Some have said that the Islamic nations have been moving backwards for centuries while the west has made steady progress. Thus, they claim, Muslims are envious of western progress and hate us for it. But, in fact, what the Salafist really says is: “Progress? Look at your materialism, divorce rate, sex industry, drug culture, and your poor living on the streets. Look at how you are destroying the environment! Do you call that progress?” If that is progress, the Salafist want none of it.
Qutb’s Salafism was behind the assassination of Anwar Sadat because of his close ties to America. And in 1979, it was the Salafists who captured the US embassy in Iran and held 52 Americans hostage for 444 days. Americans could not understand. After all, with assistance from America, the Shah was modernizing Iran, putting refrigerators in every home, building movie theaters, bars and casinos. Of course, the Shah was a secular ruler and ignored the poor, but who didn’t? The rich had never been so pleased.
On the other hand, Salafism honored two passions: social justice and the spiritual life, both of which were being poisoned by modernization and materialism. They had no interest in western dress, sports and entertainment. Such things trivialized life and blurred the faithful’s commitment to meditate on the will of God. Angry at the Shah’s opulent lifestyle and secular government, in 1978 students in Iran demonstrated. The Shah responded by sending out his SAVAK troops and shooting to death seventy unarmed kids. Later that same year, the SAVAK killed 700 to 900 students. Yet, within the month, President Carter flew to Tehran to pledge America’s support to keep the Shah in power.[1]

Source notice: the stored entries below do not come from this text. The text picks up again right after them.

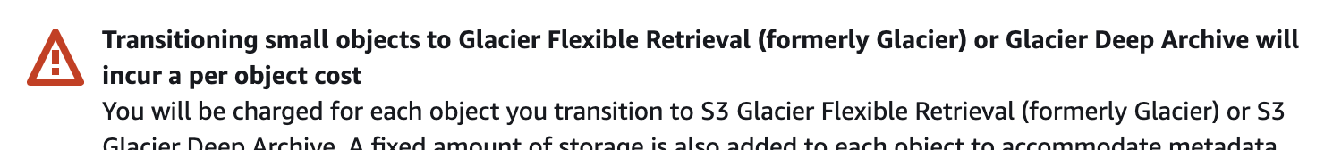 But isn't there like a million billion objects?? How about a different storage class?  Requests & data retrievals > Lifecycle Transition requests into (per 1,000 requests). Even though the s3 console does not produce the ominous warning when selecting other storage classes, transitional request charges apply. Fuuuuuuuuu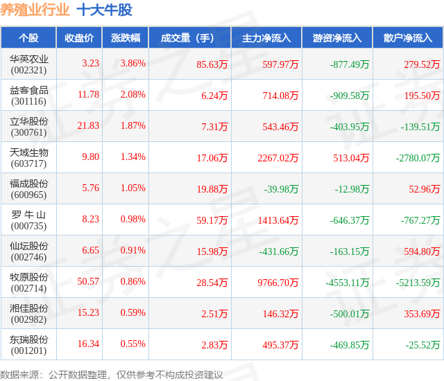 个股表现方面,养殖业行业当日领涨股为华英农业(002321),该股当日报收3.23,上涨3.86%,成交量85.63万,主力资金净流入597.97万元。益客食品(301116)以上涨2.08%紧随其后,该股当日成交量6.24万,主力资金净流入714.08万元。除此之外,立华股份(300761)、天域生物(603717)、福成股份(600965)均进入当日牛股之列。具体个股列表见下表: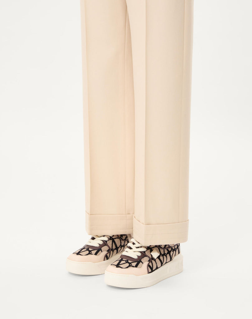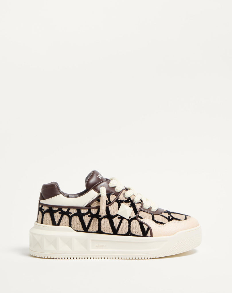 Garavani ONE STUD XL low-top sneaker in nappa leather and Toile Iconographe fabric
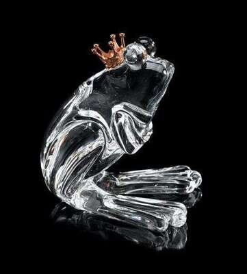 Steuben gold mounted glass figure of the Frog Prince designed by lloyd atkins, model 1031, 1973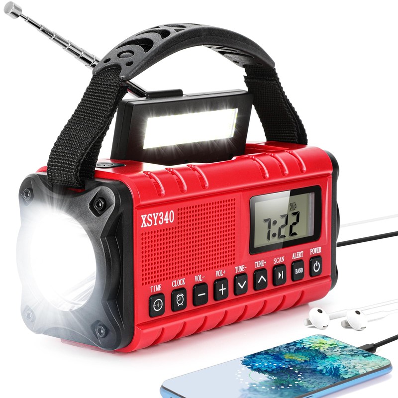 - Weather Radio,10000mah Portable Power Bank with Solar Charging, Hand Crank Emergency Radio,NOAA Weather Alert, SOS Strobe Flashlight, Digital AM/FM Portable Radio with Clock,Rechargeable Battery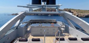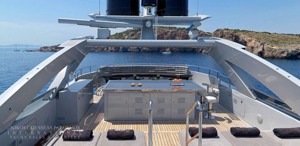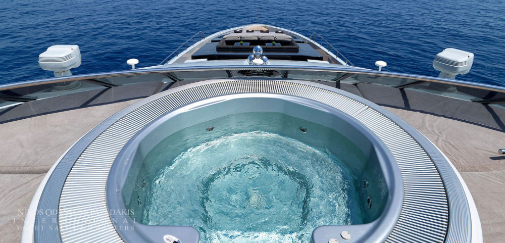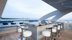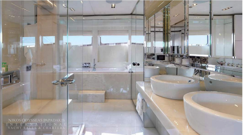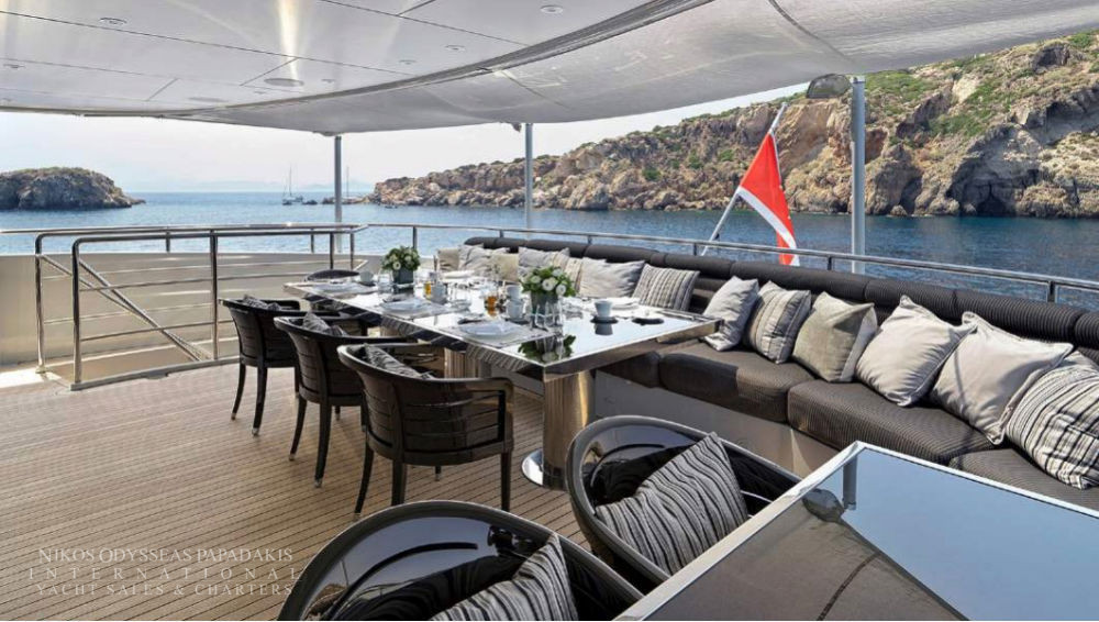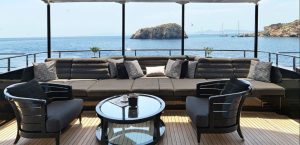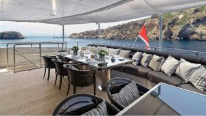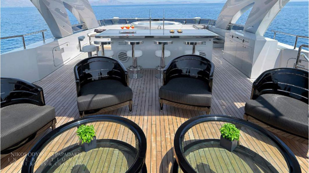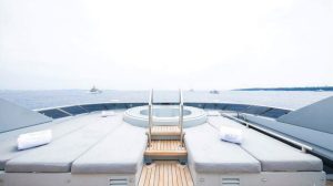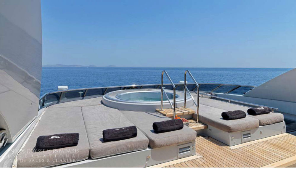 Accommodates 12 guests in 5 cabins. Upper salon can be converted as an extra guest cabin. Professional and accommodating crew. Portuguese style seating in the bow. Vast and spacious sundeck Massive swim platform at stern Jacuzzi on board. Portuguese style bow seating 13 meter Tender.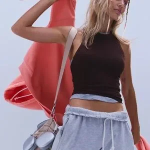 Features: Stretchy, stay-put fabrication; contrast trim detailing; high neckline; racerback topped with buti logo.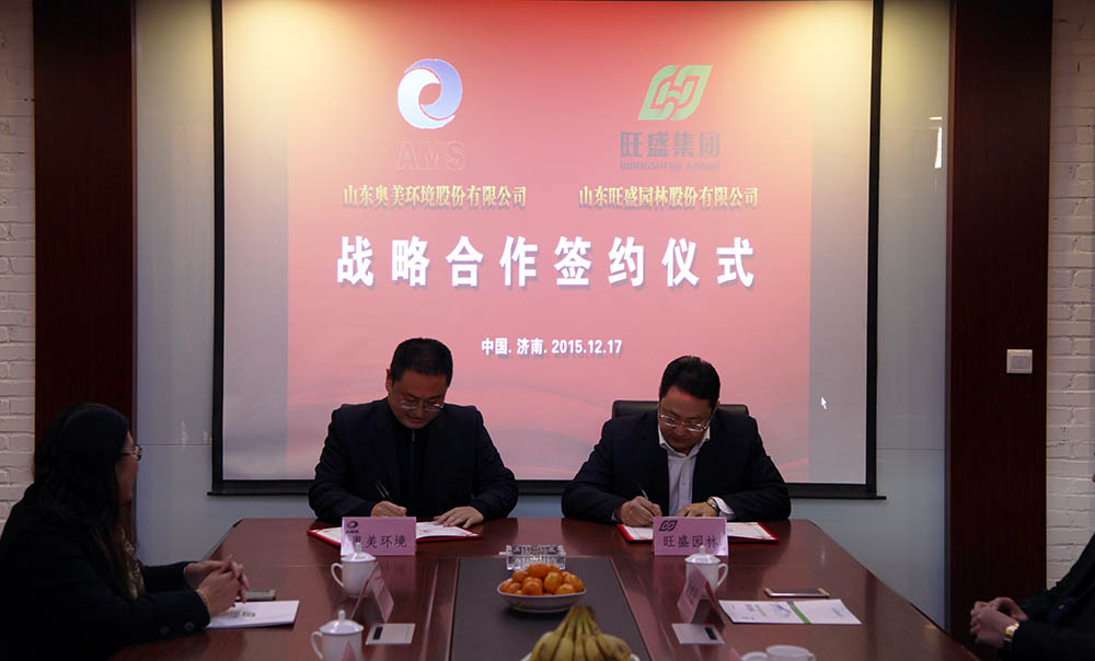 2015年12月17日,山東奧美環(huán)境股份有限公司和山東旺盛園林股份有限公司在濟南《簽訂戰略合作協(xié)議》,正式建立全面戰略合作關(guān)系。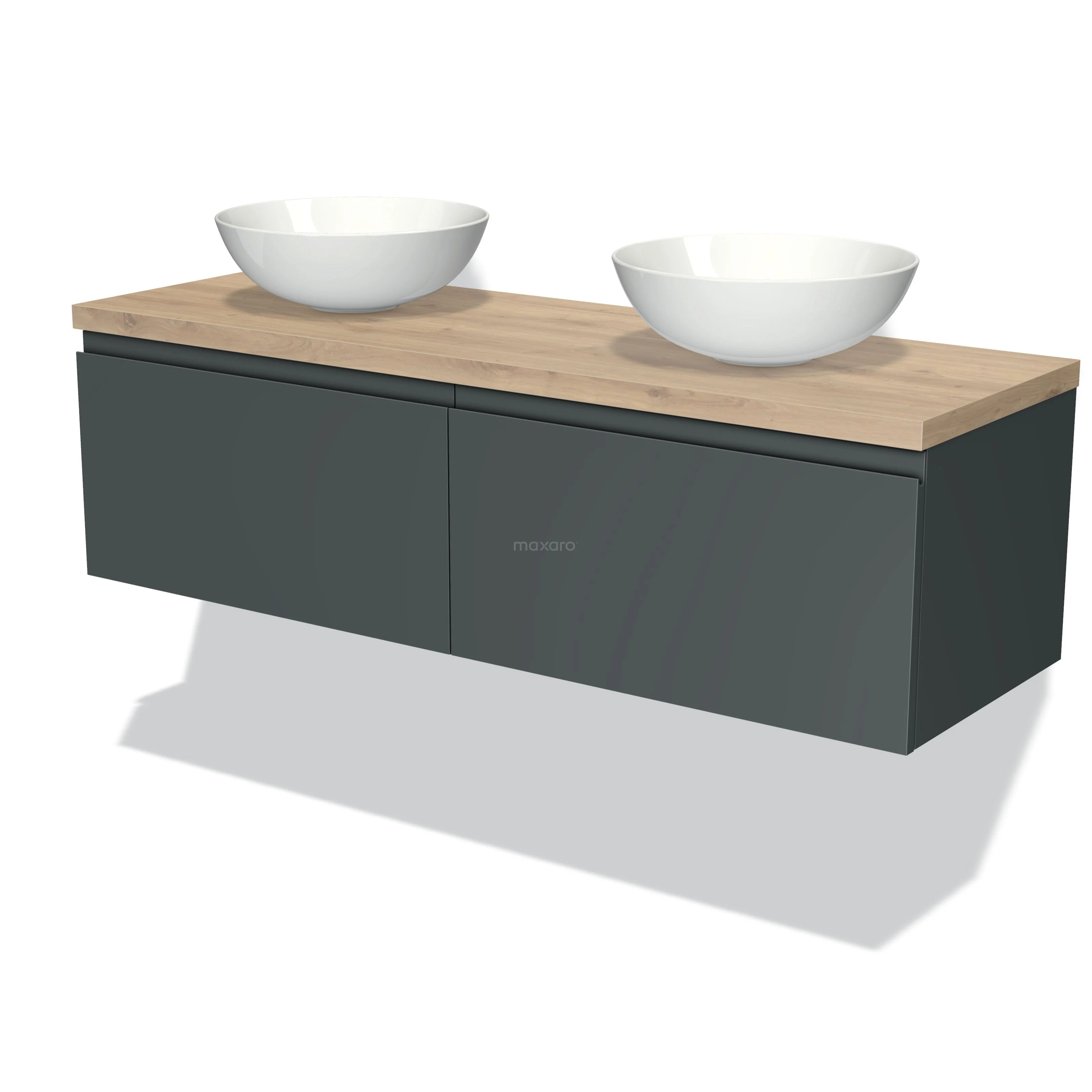 Modulo Plato Badmöbel mit Aufsatzwaschbecken | 140 cm Dunkelgrau Grifflos front Hellbraune Eiche blatt 2 nebeneinanderliegende Schubladen
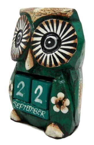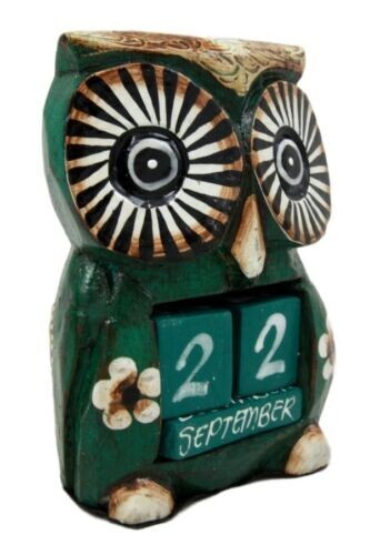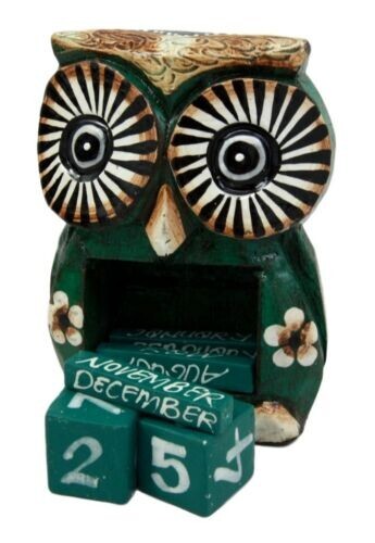 Balinese Wood Handicrafts Hypnosis Eyed Green Owl Desktop Calendar Figurine 4.5"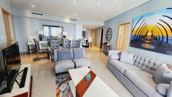 Experience the epitome of elegance and sophistication with this immaculate, modern top-floor 3-bedroom apartment at The Pearls of Umhlanga. Boasting breathtaking sea views and tastefully furnished with the finest décor, this residence offers a lifestyle of unparalleled luxury. As you step inside, you''ll be greeted by an open, airy ambiance accentuated by chic furnishings and stylish finishes. The spacious living area seamlessly transitions into a gourmet kitchen, making it perfect for both entertaining and everyday living. Relax and unwind in the comfort of your own home, or step out onto the balcony to soak in the panoramic views of the azure ocean and sandy beaches below. With the Oceans Mall and upmarket restaurants right at your doorstep, you''ll have endless options for dining, shopping, and entertainment.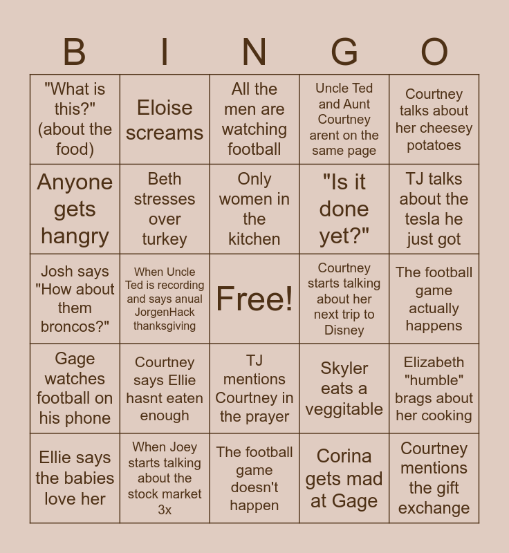 This bingo card has a free space and 33 words: When Courtney Yells at Kids, When something is "too spicy", When Uncle Ted is recording and says anual JorgenHack thanksgiving, Dana disassociates, Gage watches football on his phone, Beth stresses over turkey, Courtney talks about her cheesey potatoes, Ellie says the babies love her, Eloise screams, Skyler and Jonah are late, Only women in the kitchen, All the men are watching football, Tori handles 3 kids singlehandedly, Beth ignores a direct question to her more than 3x, Courtney starts talking about her next trip to Disney, TJ talks about the tesla he just got, When Joey starts talking about the stock market 3x, Josh says "How about them broncos?", Courtney says Ellie hasnt eaten enough, Skyler eats a veggitable, TJ mentions Courtney in the prayer, "Which one is this?" (about the twins), "What is this?" (about the food), The football game actually happens, The football game doesn't happen, Courtney mentions the gift exchange, Uncle Ted and Aunt Courtney arent on the same page, "Is it done yet?", Anyone gets hangry, Elizabeth "humble" brags about her cooking, Corina stresses about her pie, Corina gets mad at Gage and Ted talks about his boat.

It was the Salafist who gave birth to the Taliban in Afghanistan and to the al Qaeda of Osama bin Laden. It was the Salafist who crashed planes on 9/11 into the World Trade Center, the Pentagon and a field in Pennsylvania. High on the Salafist roster of concerns was the very secular Saddam Hussein for the Salafists hate the “unfaithful” Muslim even more than the shallow American. Salafism is a stateless philosophy. It pledges allegiance to no national regime or Islamic division: Sunni or Shiite. When the Salafist radicals attacked America and Mr. Bush retaliated by invading Iraq, the subsequent fall of Saddam Hussein was an answer to their prayers.
The Salafist are dangerous and we as a nation must guard against them. However, on September 11, 2001, less than one percent of all Muslims supported a Salafist agenda. Today, who knows how many? Recruitment to their radical view of Islam is mushrooming with no end in sight. There are more terrorists who hate us now than ever before.
However, my American Muslim friends are not among them. Not only is it unfair and cruel to label them as such, but also it is unwise. Force always fails to change religious belief. The only hope we have of making peace with the worldwide Muslim community is to reach out with all our understanding to the majority of Muslims who are moderate, peaceful citizens.
The twenty-first century has a choice: to make war or seek understanding.
So, I invite you to take off your shoes and follow me. I am glad that I reached out and met a few Muslims whom I now call friends. It seems like one small step toward a more peaceful new century and…besides all that, I really do like my Muslim friends.
Thomas Are
[1] See Karen Armstrong, The Battle for God, Chapter 9, and Peter Beinart, The Good Fight, Chapter 4.